"Genetics provide the gun, environment pulls the trigger"

NOTE: Out of respect for the writer, name and identity will not be included.

"Before I talk about my experience with mental health, here is a little background about me: I graduated from the University of California, San Diego in 2015 with a Public Health degree, specializing in Social and Behavioral Health Sciences. I am an advocator for Eating Disorder Awareness; an advocator for the illness that haunted me from my childhood all the way through my teenage years. Even though distorted eating is common on my maternal side of the family, it always made me curious on why I, out of everyone in my family, am the only one who ended up developing long-term eating disorders, chronic depression, and bipolar disorder type II. I did not know the tremendous impact my environment had on my mental wellbeing until I took an upper-division eating disorder class at my University. A particular quote I will never forget from that class is: "Genetics provide the gun, environment pulls the trigger". So, here is a story of my environment.

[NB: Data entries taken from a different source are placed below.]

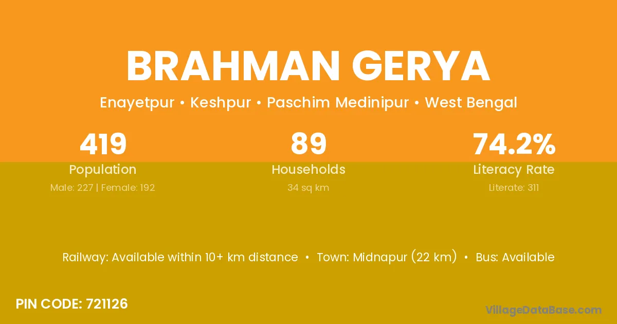 Midnapur (22 km) is the nearest town to Brahman Gerya village for major economic activities and is located approximately 22 km away.
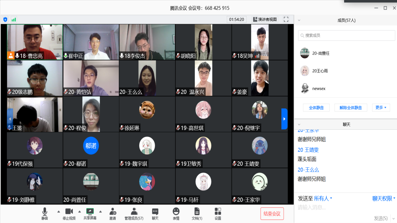 (通讯员 曹忠亮)2020年6月23日,工商管理学院举办了2020届毕业生座谈会,会上毕业生代表提议同专业跨年级的同学联动举办就业实习分享会,高年级学生向低年级学生分享就业信息与经验。为积极响应会上提议,7月19日晚上7:30,资产评估专业组织召开就业实习线上分享会。会议由2018级资产评估班长曹忠亮主持,此次会议共有18级毕业生和19级、20级资产评估在校生近60人参与。
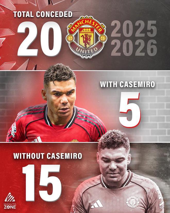 曼联在做客热刺的比赛中领先了大半场比赛,然而,当卡塞米罗在第72分钟被替换下场后,没过多久主队就扳平了比分,而且一进就是两个,险些终结了红魔的不败。数据显示,曼联本赛季的20个英超丢球中,33岁的卡塞米罗在场时只丢了5球,其余15球都是他被换下或者缺阵的比赛出现。
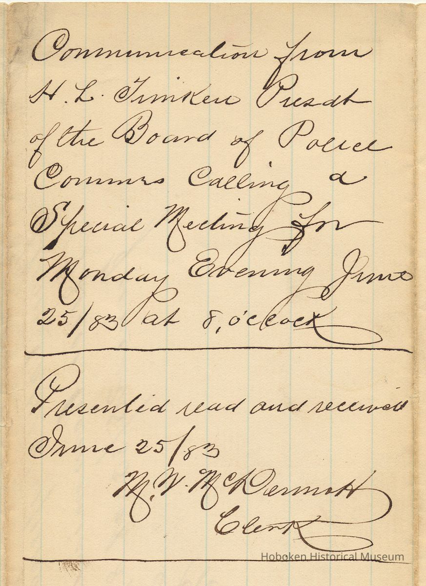 Notes: Archives 2012.004.0078 ==== Mayor's Office Hoboken, N.J. June 21st, 1883 To City Clerk Mr. McDermott Please call a special meeting of the Police Commissioners on Monday, June 25/83 at 8 p.m. By order of H.L. Timken Presdt of the Police Department Communication from H.L. Timken Pres't of the Board of Police Commissioners calling a Special Meeting for Monday Evening June 25/83 at 8 o'clock. Presented read and received June 25/83 M.V. McDermott Clerk Status: OK Status By: dw Status Date: 2012-12-06
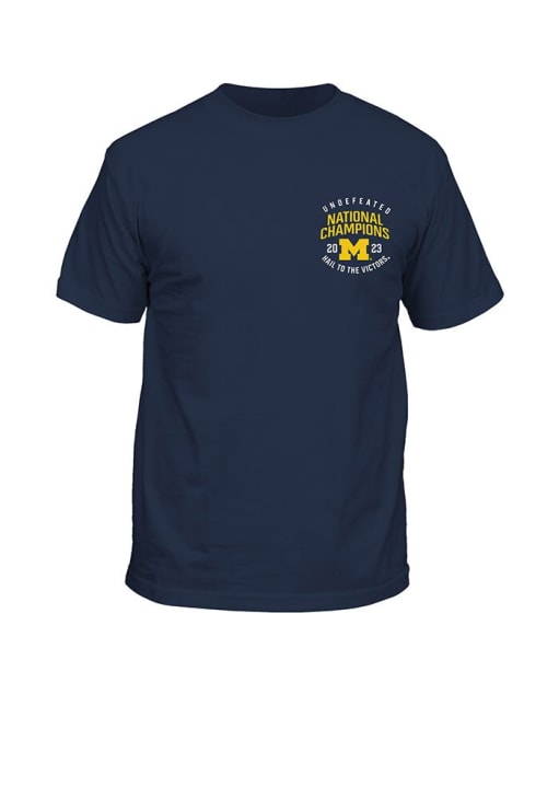 Display your team spirit with this remarkable Michigan Wolverines Blue 2023 National Champions Stadium Short Sleeve T Shirt! The Michigan Short Sleeve Tee showcases a screen print of football National Champions graphic on front chest that truly sets it apart. Stand out from the crowd and proudly declare your allegiance to the Wolverines with this exceptional Blue Michigan T Shirt. Go Michigan!
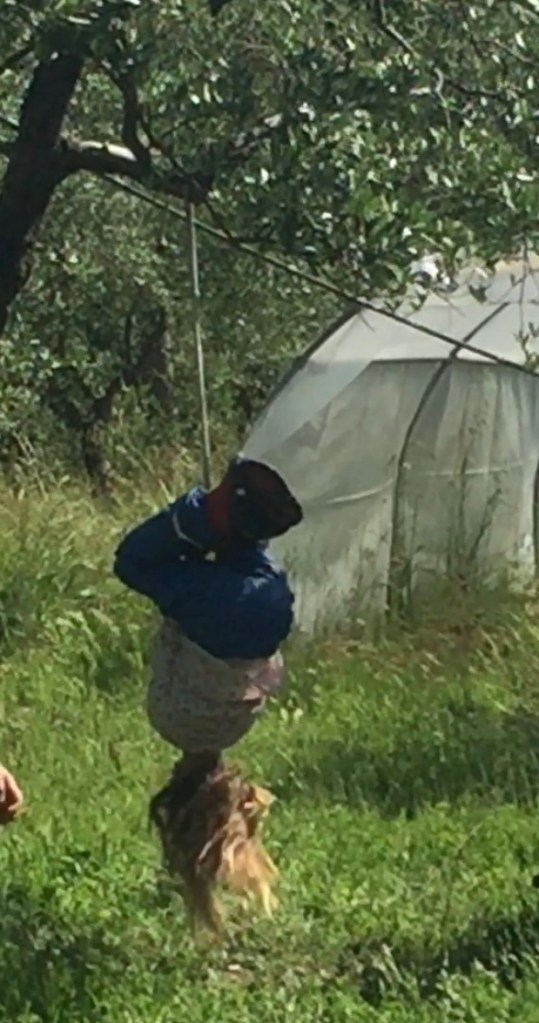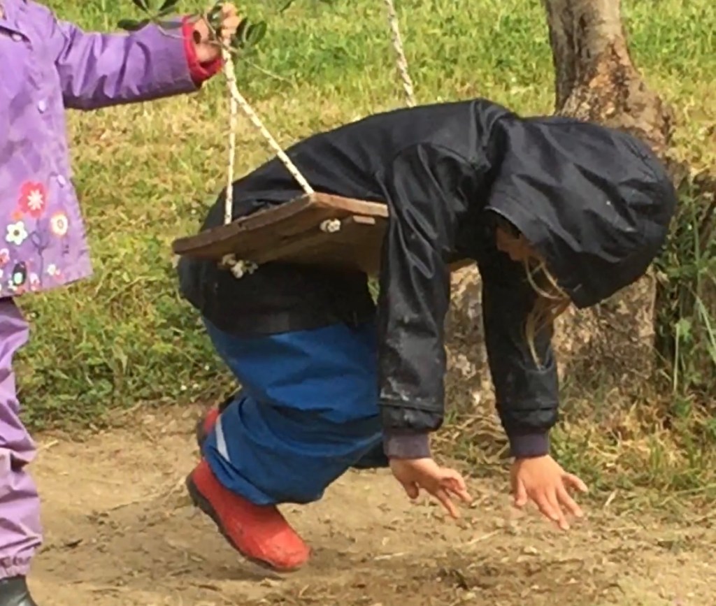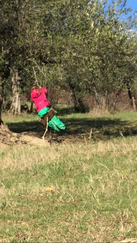 Un pezzo di ramo duro e levigato è attaccato con una corda ad un ramo di un albero. Il ramo levigato è attaccato più o meno ad altezza testa. Di solito bimbi e bimbe si aggrappano con le mani e le braccia tese, sollevano un po’ i piedi dopo essersi dati una spinta. In questo caso L. Si è aggrappata al ramo con le gambe incrociate e si è appesa a testa all’ingiù.
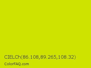 CIELCh 86.108,89.265,108.32 Color is a normal yellow color and the nearest color is Bitter Lemon #cae00d. Hex code #cfe300 and RGB value is rgb(207,227,0). In RGB color space, this color is composed of 81% red, 89% green, 0% blue, In CMYK color space, this color is composed of 9% cyan, 0% magenta, 100% yellow , 11% black , In HSL color space, this color has a hue angle of 65° , 100% saturation and 45% lightness.
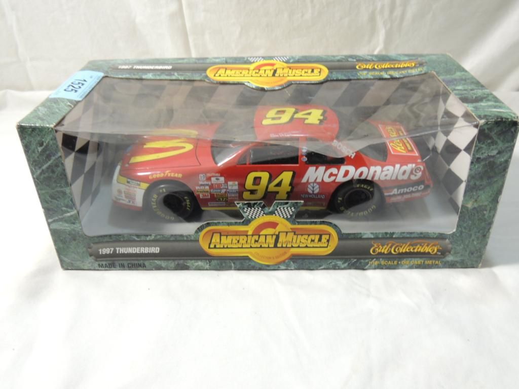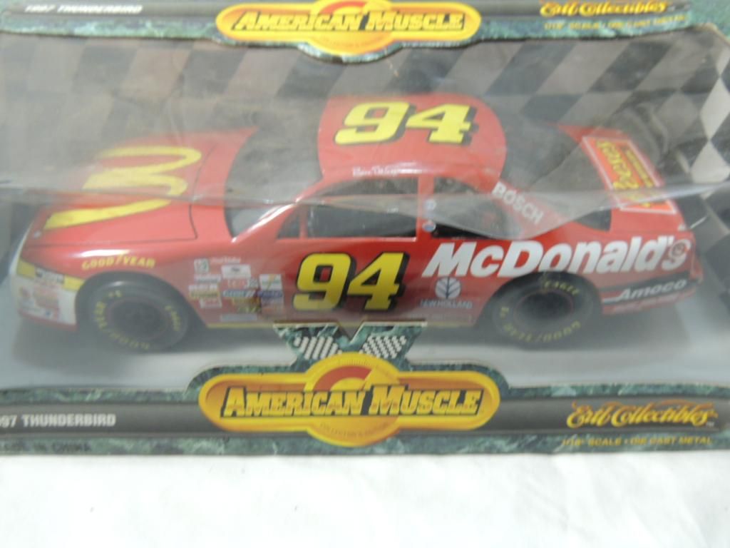MCDONALDS NASCAR STOCK CAR #94 CAR. 1/18 SCALE DIE CAST METAL MODEL CAR. 1997 THUNDERBIRD. STEERABLE WHEELS, OPENING HOOD, DETAILED CHASSIS, COMPLETE INTERIOR WITH ROLL CAGE. DETAILED 600+ JP 358 CU IN V8 ENGINE. AS SHOWN. SEE PHOTO FOR MORE DETAILS.
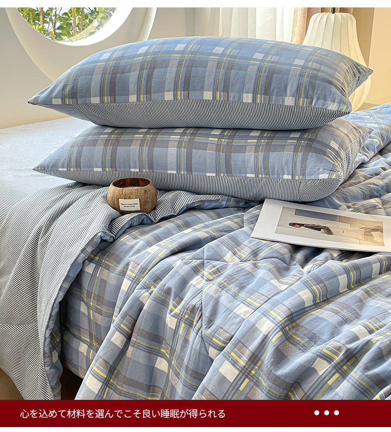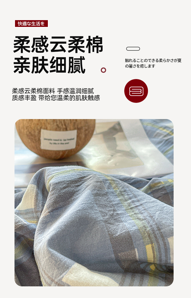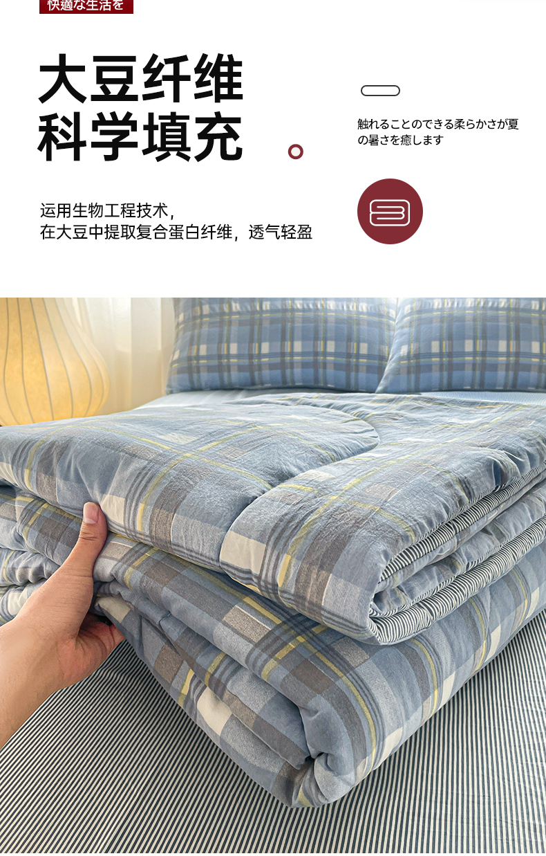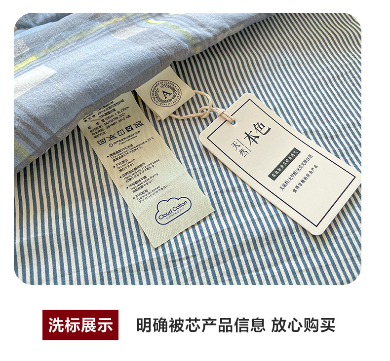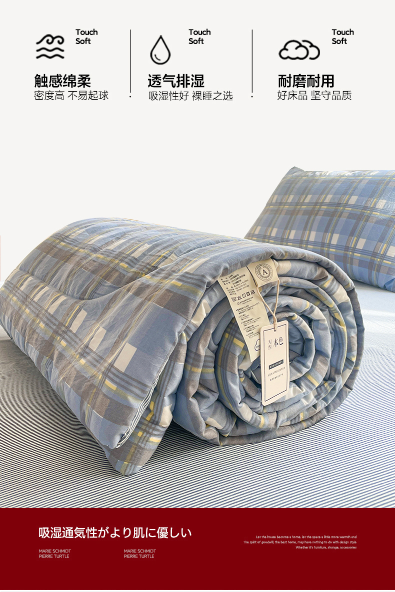 商品名称:老帅的工厂店 2025新款云朵棉无印风格子夏被 麦田蓝
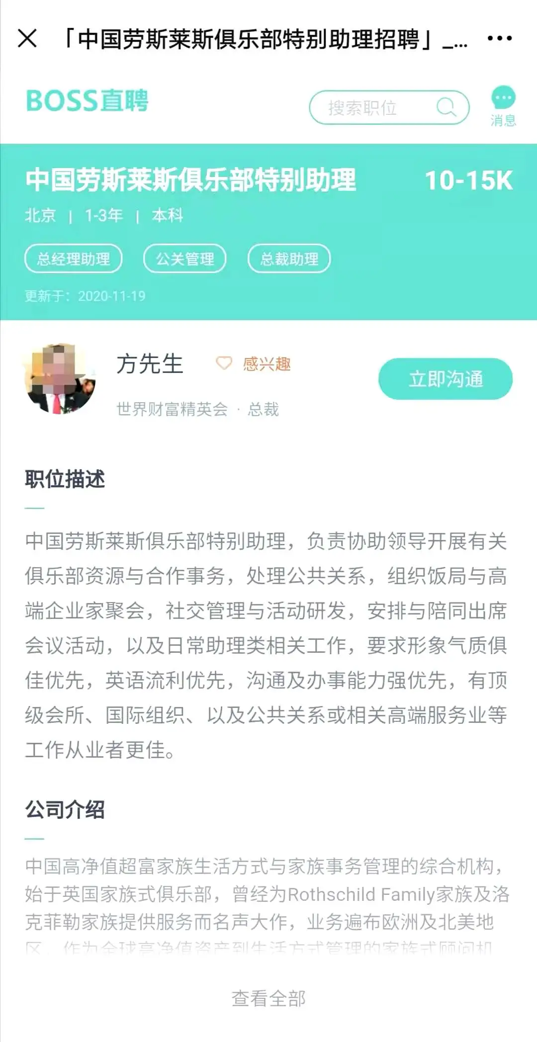 11月上旬,一家名为“世界财富精英会”的机构在BOSS直聘上招聘“中国劳斯莱斯俱乐部特别助理”岗位,薪资待遇为每月1万元至1.5万元。新京报记者以应聘者的身份发起了沟通。
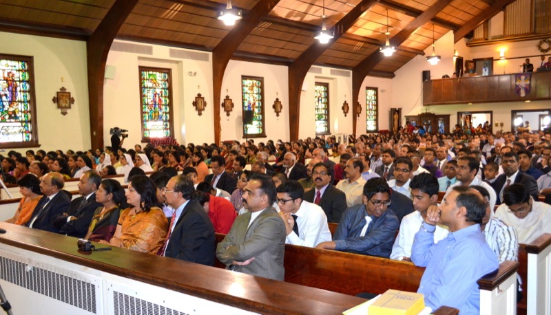 The Syro-Malankara Catholic Exarchate in USA accorded a very warm and cordial official welcome to the Head and Father of the Syro-Malankara Catholic Church His Beatitude Moran Mor Baselios Cardinal Cleemis Catholicos as he made his first visit to the Exarchate after becoming a Cardinal of the Universal Church. At 2.00 pm. on Sunday, May 12, 2013, around 700 Malankara Catholic Faithful, priests and religious received the new Cardinal and His Excellency Dr. Thomas Mar Eusebius to the Pro-Cathedral of the Exarchate in Elmont. Then the Cardinal, along with Bishop Eusebius and many priests celebrated a thanksgiving Holy Mass. The Holy Mass was followed by a short felicitation meeting. Msgr. Peter Kochery, the Vicar General of the Exarchate welcomed the gathering. Then, His Excellency Mar Eusebius and Mr. Philip John, secretary of the Exarchate Pastoral Council spoke felicitating the new Cardinal. Some of the distinguished guests came forward and conveyed their greetings to His Beatitude. The English translation of the book on Kilileth Chackochan, translated by his great grand daughter, Ms. Jilu Jacob was released by His Beatitude and was given to His Excellency Mar Eusebius. This was followed by the sharing by His Beatitude. Mrs. Jeny Sunil compered the program. The meeting was followed by agape.

I was born and raised on a farm in the rural area of Vung Tau, Vietnam. Despite receiving no maternal care during her pregnancy while working over 60 hours a week, my mother delivered me as a fairly healthy baby.
As a child, I was calm and easy-going. I was very active thanks to the various farm-work I was required to do. The foods I ate were always fresh from our farm, or the market. My relationship with food itself was relatively normal despite my difficulties with keeping down the food after consumption. After being forced to move from my birth country to America with my mother to "reunite" with "family members", I have never met, I experienced severe culture shock and developed a sense of abandonment. My inability to speak English at school and at home eventually made me the prime target for bullying. My weight suddenly became a topic of discussion which gradually sullied my relationship with food and eventually myself. As my mother became more absent due to work obligations, my days spent outdoor became minimal and the foods I ate drastically became less fresh.
My parents' constant absence means that I was always in the care of my older cousins. As my cousins grew older, drugs became prominent in their lives. Even though I abstained from the drugs, I was constantly around it. This eventually lead to multiple events that caused me to develop PTSD symptoms and triggered my first episode of eating disorder behavior at the age of eight. 'Til this day, it still baffles me that despite being in horrendous discomfort mentally and physically, I was somehow in deep denial of my illness until my early 20s. After being in a rehabilitation treatment center for my eating disorder and other various mental disorders, I started to recognize that my little sister has almost identical eating behaviors as me when I was younger. In fear of her developing an eating disorder, my mother and I try our best to cultivate a mentally and physically healthy environment in our current household."